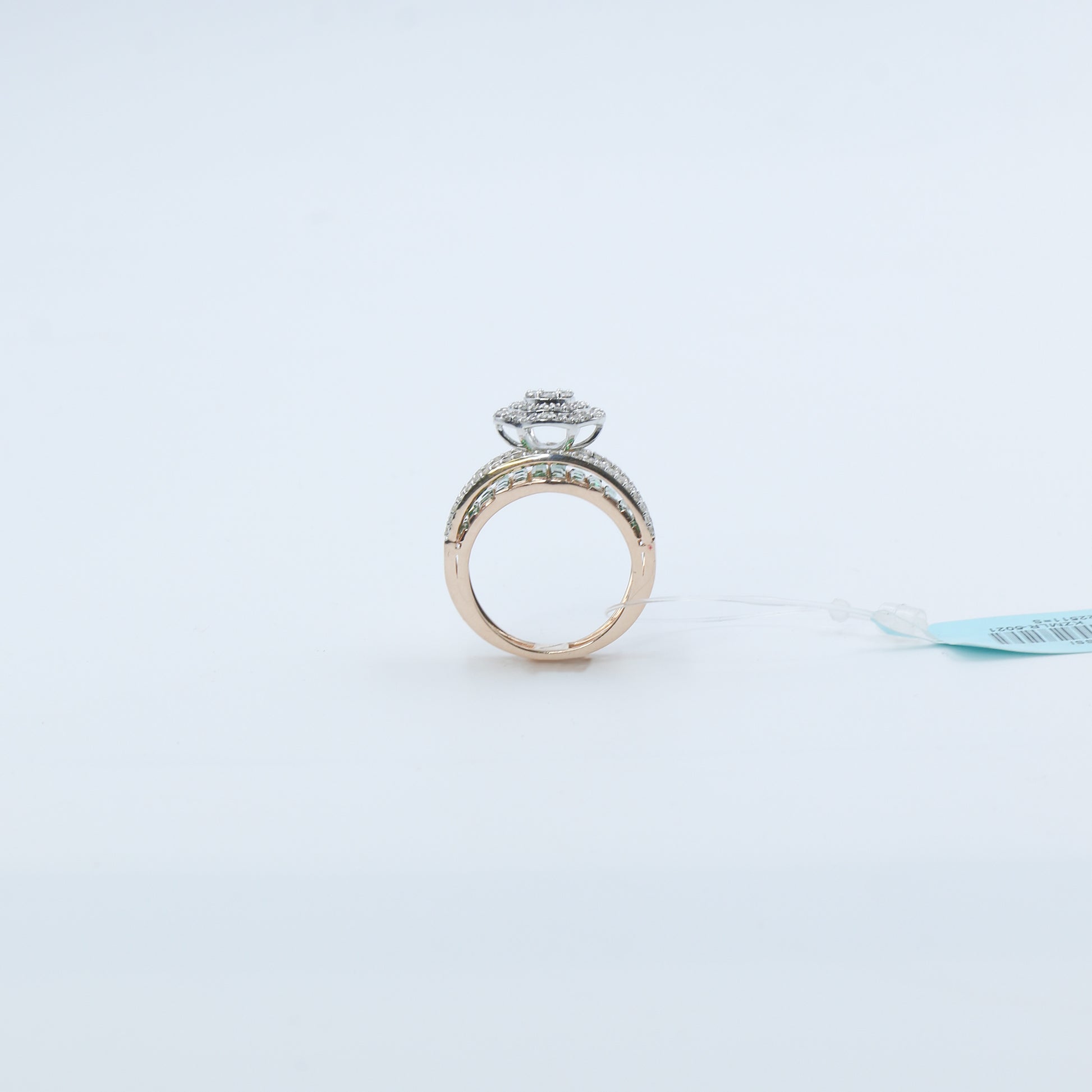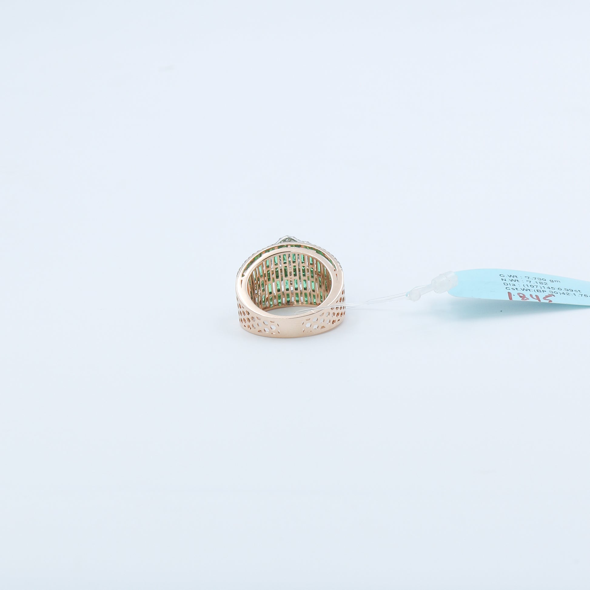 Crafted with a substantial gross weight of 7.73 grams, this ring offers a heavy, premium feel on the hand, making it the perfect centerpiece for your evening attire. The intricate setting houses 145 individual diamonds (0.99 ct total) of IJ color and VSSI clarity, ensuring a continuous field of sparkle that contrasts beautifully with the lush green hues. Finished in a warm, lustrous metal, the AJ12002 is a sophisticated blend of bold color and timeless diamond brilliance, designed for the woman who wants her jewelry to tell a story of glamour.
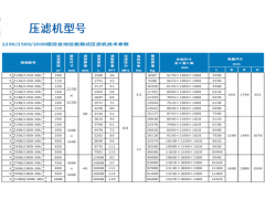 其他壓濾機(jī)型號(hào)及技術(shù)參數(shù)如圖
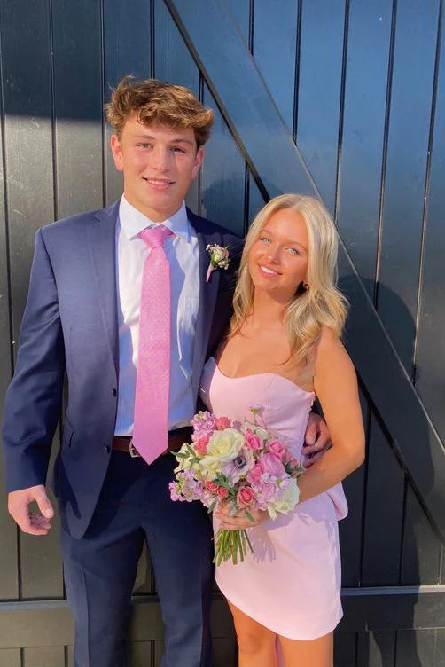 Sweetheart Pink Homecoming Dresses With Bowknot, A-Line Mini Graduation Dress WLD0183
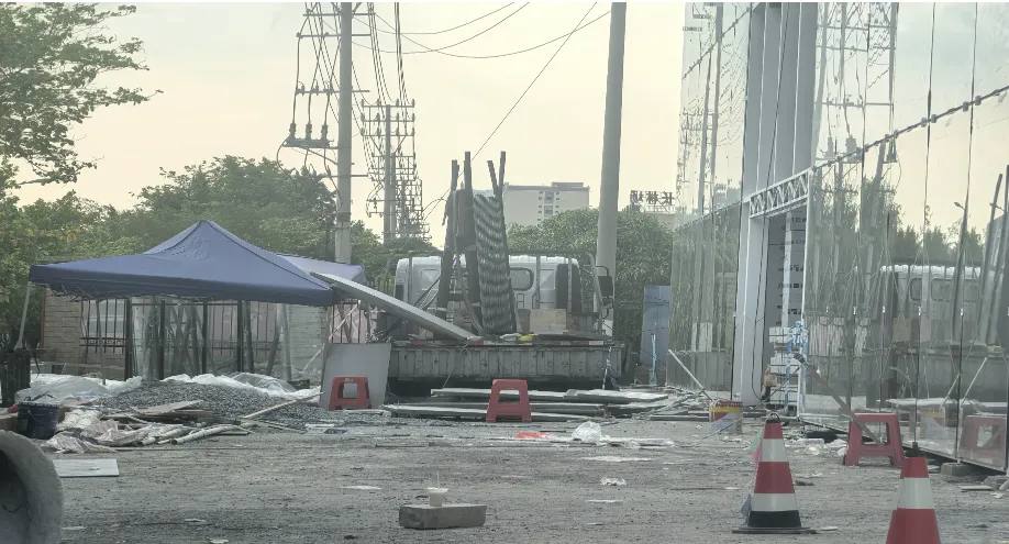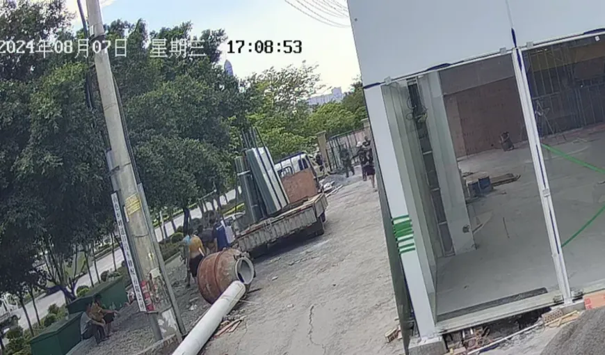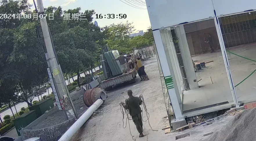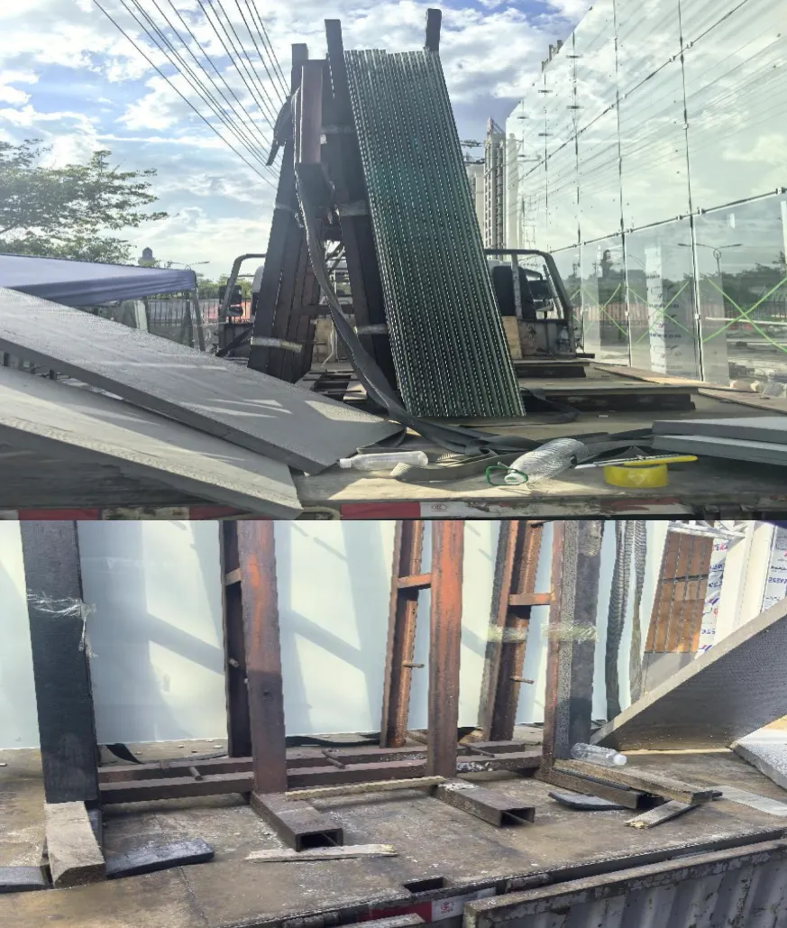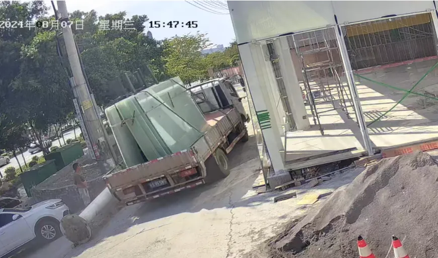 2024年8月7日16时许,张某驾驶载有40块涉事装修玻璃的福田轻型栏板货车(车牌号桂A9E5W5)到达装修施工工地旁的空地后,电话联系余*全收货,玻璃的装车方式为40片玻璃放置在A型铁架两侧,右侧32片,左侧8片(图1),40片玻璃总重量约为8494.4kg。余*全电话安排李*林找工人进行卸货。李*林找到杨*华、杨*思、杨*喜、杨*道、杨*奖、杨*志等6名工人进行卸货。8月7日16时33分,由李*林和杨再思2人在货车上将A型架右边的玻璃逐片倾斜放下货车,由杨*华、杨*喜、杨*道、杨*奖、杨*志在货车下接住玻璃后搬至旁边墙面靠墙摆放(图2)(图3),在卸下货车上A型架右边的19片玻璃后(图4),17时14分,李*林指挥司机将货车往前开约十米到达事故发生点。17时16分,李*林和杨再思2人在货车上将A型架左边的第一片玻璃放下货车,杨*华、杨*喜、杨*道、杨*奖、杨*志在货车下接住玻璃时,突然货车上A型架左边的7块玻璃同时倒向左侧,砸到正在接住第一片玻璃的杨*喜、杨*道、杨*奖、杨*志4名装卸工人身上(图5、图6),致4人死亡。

===============

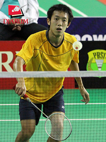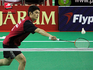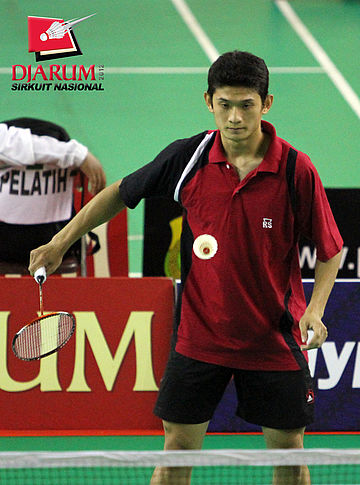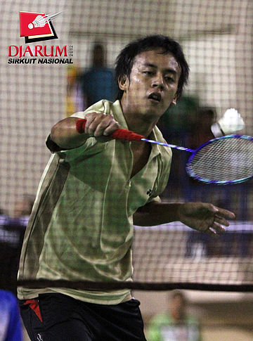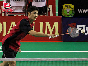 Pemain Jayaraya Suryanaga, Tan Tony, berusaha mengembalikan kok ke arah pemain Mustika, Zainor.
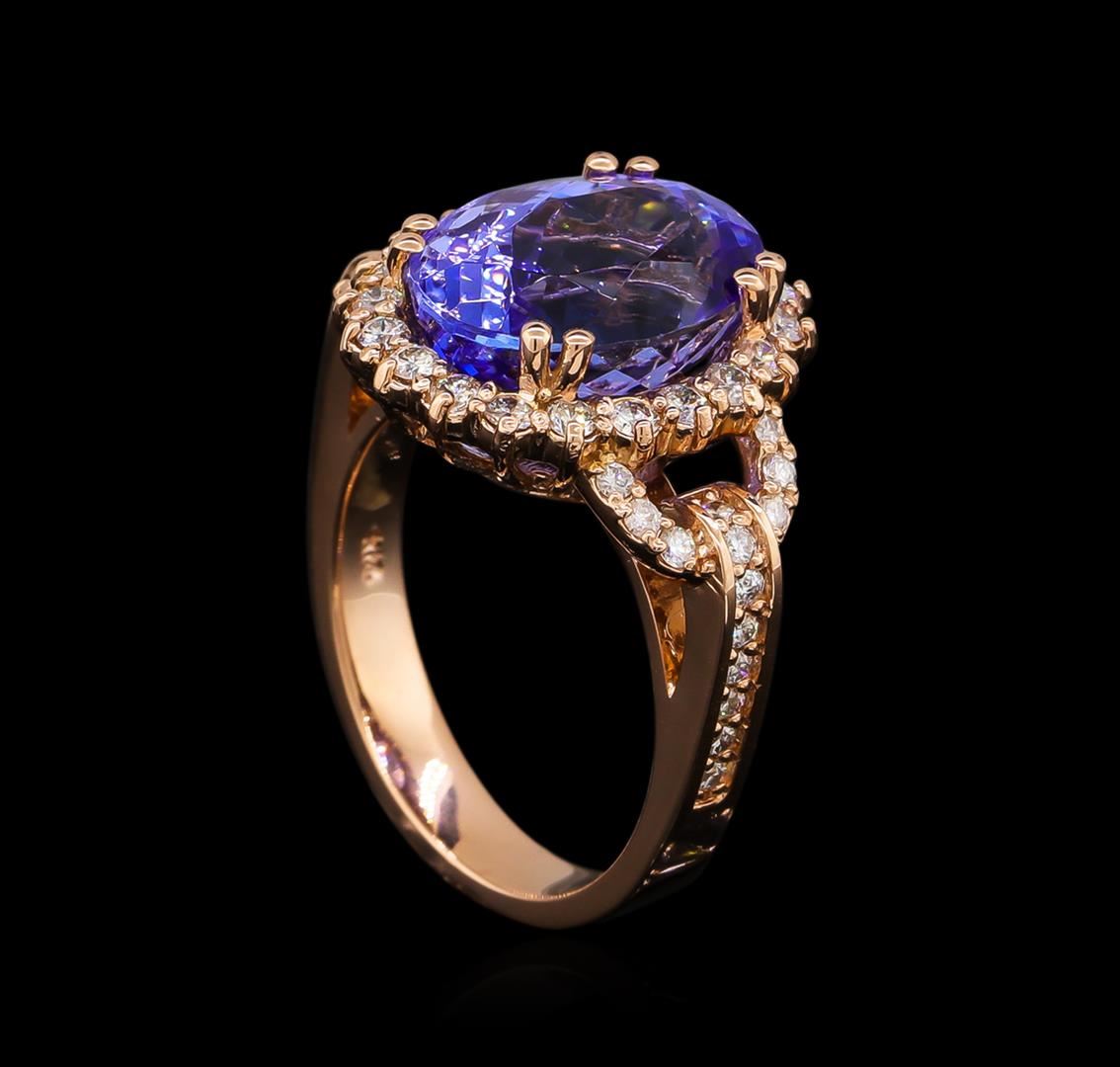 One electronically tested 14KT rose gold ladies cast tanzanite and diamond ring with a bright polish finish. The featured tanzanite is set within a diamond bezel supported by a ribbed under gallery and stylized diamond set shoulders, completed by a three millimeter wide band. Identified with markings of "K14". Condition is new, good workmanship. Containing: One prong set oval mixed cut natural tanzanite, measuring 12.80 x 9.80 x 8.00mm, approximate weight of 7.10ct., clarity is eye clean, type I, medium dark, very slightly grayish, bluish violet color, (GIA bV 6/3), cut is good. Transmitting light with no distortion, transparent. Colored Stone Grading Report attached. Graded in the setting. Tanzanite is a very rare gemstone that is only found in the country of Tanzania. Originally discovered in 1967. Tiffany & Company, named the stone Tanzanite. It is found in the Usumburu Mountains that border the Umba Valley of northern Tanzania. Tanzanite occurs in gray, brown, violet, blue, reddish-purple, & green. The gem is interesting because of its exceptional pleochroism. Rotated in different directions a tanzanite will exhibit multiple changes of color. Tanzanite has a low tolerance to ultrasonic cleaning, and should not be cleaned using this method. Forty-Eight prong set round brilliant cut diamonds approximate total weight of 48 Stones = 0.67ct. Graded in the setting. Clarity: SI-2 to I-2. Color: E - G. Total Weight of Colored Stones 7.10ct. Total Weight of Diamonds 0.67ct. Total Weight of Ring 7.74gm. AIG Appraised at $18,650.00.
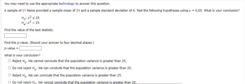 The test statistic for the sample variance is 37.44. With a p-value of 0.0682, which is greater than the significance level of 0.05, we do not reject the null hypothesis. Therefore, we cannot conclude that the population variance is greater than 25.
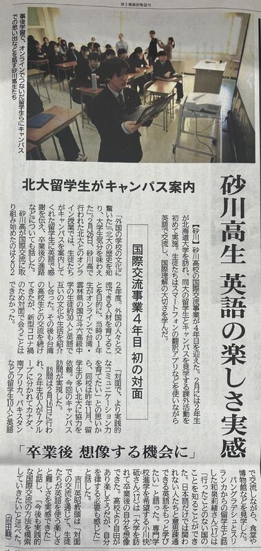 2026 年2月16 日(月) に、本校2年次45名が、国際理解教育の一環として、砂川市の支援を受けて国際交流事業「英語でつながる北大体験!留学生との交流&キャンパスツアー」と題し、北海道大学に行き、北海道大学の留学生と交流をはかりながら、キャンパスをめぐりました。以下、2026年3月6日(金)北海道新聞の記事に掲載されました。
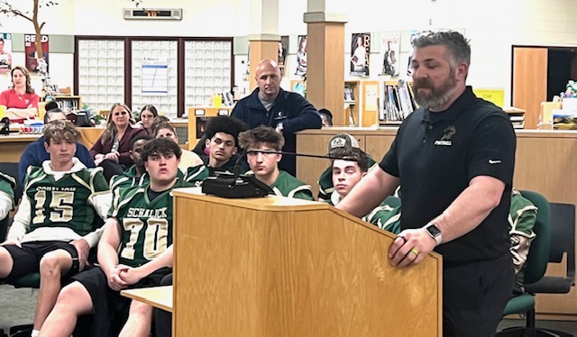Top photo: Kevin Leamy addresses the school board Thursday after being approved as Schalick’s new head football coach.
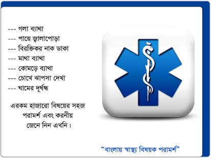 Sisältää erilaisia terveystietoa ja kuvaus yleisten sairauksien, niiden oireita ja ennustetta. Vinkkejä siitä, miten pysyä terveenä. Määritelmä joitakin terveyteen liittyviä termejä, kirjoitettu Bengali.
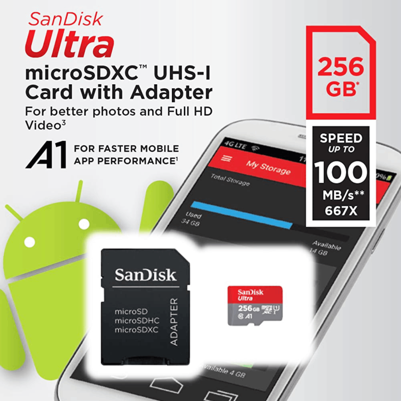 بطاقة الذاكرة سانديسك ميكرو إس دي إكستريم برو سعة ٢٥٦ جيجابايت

===============

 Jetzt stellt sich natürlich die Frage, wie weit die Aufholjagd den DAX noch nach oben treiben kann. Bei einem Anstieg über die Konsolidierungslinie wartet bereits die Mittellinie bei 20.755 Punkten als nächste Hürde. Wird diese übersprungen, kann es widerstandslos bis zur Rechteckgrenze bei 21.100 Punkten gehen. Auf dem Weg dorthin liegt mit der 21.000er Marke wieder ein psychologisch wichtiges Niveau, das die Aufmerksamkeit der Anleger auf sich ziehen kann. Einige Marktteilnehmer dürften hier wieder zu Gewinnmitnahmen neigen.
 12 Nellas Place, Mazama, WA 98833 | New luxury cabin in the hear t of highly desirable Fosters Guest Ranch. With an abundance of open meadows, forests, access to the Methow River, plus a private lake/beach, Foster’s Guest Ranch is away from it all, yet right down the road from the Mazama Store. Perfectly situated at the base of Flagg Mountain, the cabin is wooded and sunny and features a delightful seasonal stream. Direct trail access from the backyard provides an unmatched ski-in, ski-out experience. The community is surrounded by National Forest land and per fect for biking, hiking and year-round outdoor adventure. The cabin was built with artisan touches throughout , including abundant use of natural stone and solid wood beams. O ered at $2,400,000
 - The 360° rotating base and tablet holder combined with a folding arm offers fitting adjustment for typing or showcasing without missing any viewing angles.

===============

▶ [The task]:
Return each line of the material above that holds the string "base".

▶ [The completed task]:
 12 Nellas Place, Mazama, WA 98833 | New luxury cabin in the hear t of highly desirable Fosters Guest Ranch. With an abundance of open meadows, forests, access to the Methow River, plus a private lake/beach, Foster’s Guest Ranch is away from it all, yet right down the road from the Mazama Store. Perfectly situated at the base of Flagg Mountain, the cabin is wooded and sunny and features a delightful seasonal stream. Direct trail access from the backyard provides an unmatched ski-in, ski-out experience. The community is surrounded by National Forest land and per fect for biking, hiking and year-round outdoor adventure. The cabin was built with artisan touches throughout , including abundant use of natural stone and solid wood beams. O ered at $2,400,000
 - The 360° rotating base and tablet holder combined with a folding arm offers fitting adjustment for typing or showcasing without missing any viewing angles.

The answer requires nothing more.